A-Man and the C-City

Director: Hanno Nehring (Germany). Year of Release: 2022

At the beginning of the film, instead of the usual 15 minutes of adverts there’s just silence. Nothing on the screen, no lights dimmed, nothing. Then after about 10 minutes, a man bounds to the front. He introduces himself as Hanno Nehring – the director of this no-budget film. He claims that it cost €15,000 to make, but you find it hard to see where all that money went. Nehing than goes on at length about how he doesn’t like to talk much before a film starts.

Hanno Nehring is so genial that you start wanting to love the film. This is a one-off showing in the biggest screen of the cinema. There is room for hundreds of people but there are maybe 10 of us her tonight. I’m not sure how many of the others were also there because they’ve got a yearly ticket and have run out of films that they want to watch and haven’t seen already (it’s not been a tremendous week for film).
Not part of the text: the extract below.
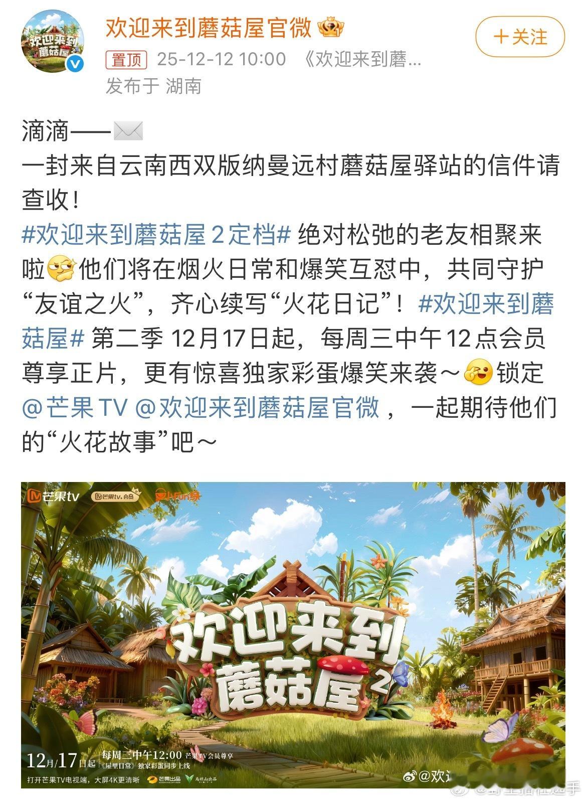欢迎来到蘑菇屋2定档又有下饭综艺看了!《欢迎来到蘑菇屋2》终于定档了!12月17日中午不见不散啊啊啊欢迎来到蘑菇屋

Although this is a very German production – filmed on location in Bavaria with German actors – for some reason, they all speak in English with German subtitles. The film opens with credits informing us of a fairly recent medical discovery that Hitler actually was monoorchid – the credits helpfully inform us that this means that he had only one testicle.

The cameras move to real life coverage of a Querdenker rally. How to describe the Querdenkers? Well, they are a strange conglomeration of anti-Vaxxers, esoteric hippies and outright Nazis. We hear a speaker telling the sparse crowd that you don’t have to be a conspiracy theorist to be worried that the founder of Microsoft, a man – he says ominously – who has no medical qualifications, is allowed to mainstream German television to spout liberal claptrap.

This group of Querdenkers appear to be more on the hippie side of things – they’re playing Let the Sunshine In from Hair for God’s sake – but the voiceover speculates about the 1930s and wonders how long it will take the next monoorchid megalomaniac to take over. There is some fertile soil here for a serious film. The sense of helplessness and mistrust of the government’s Covid policy permeated German society, and Nazi groups really did try to take advantage of this.

But A-Man and the C-City has no intention of being a serious film, and is playing this entirely for laughs, even when the laughs are hard to come by. It is set in a Munich that appears to be entirely deserted. All the shops are closed and the streets are empty apart for a man and a younger woman. It’s not clear whether they are relatives or lovers – it turns out that she is both his niece and his girlfriend.

The plot, such as it is, consists of them joining a neo-Nazi cell. There are some vilely racist speeches about refugees and how Merkel failed the country by allowing them in. I presume that we are not supposed to take this seriously because the gang is so obviously stupid, but the film is billed as a parody. Are we supposed to find it funny? When a visual pun compares mask wearers with women in hijabs, is this laughing at or with racist ideas?

The A-man (we can guess what the A is short for) also has one testicle, and is played in a manically overacted style that seems to be intentional. The film revels in its low budget, though it is hard to tell whether these are truly bad actors, or are very good actors who are able to convey a sense of incompetence. In a way it’s a moot point as the effect on the audience is the same.

I haven’t got to the appearance of God – in fact two different possible Gods, one of whom tries to prove his godliness by showing his bum. Nor of the A-man’s attempt to further his girlfriend Beate’s career as an opera singer, despite her lack of obvious talent. Nor his attempt to shoot a container full of refugees dead live on camera, which is thwarted by his inability to start the camera. There are a lot of half-ideas here, but none is looked at with any intellectual curiosity.

And here’s the problem. Satires tend to only work if they treat their subject seriously. And yet Nehring’s approach seems to be to portray Nazis as incompetent fools and hope that they will go away. I think that the threat is too real for this to be a serious option. This is not just a political comment, but an artistic one. There is no tension, and no effective humour. For me, at least, the comedy just didn’t work.

Now I know that comedy, maybe more than any other art form, is a subjective thing. And I’m not sure exactly what my criticism is. Yes, it’s dumb, but so are the Three Stooges and Bill and Ted, and I find both hilarious. Even though tonight’s showing had few laughs, I’m sure that there’s an audience for this. I hesitate to bring up the dread phrase “German humour” as you can’t reduce a whole country to the stereotype of humourlessnes. But sometimes the cap seems to fit.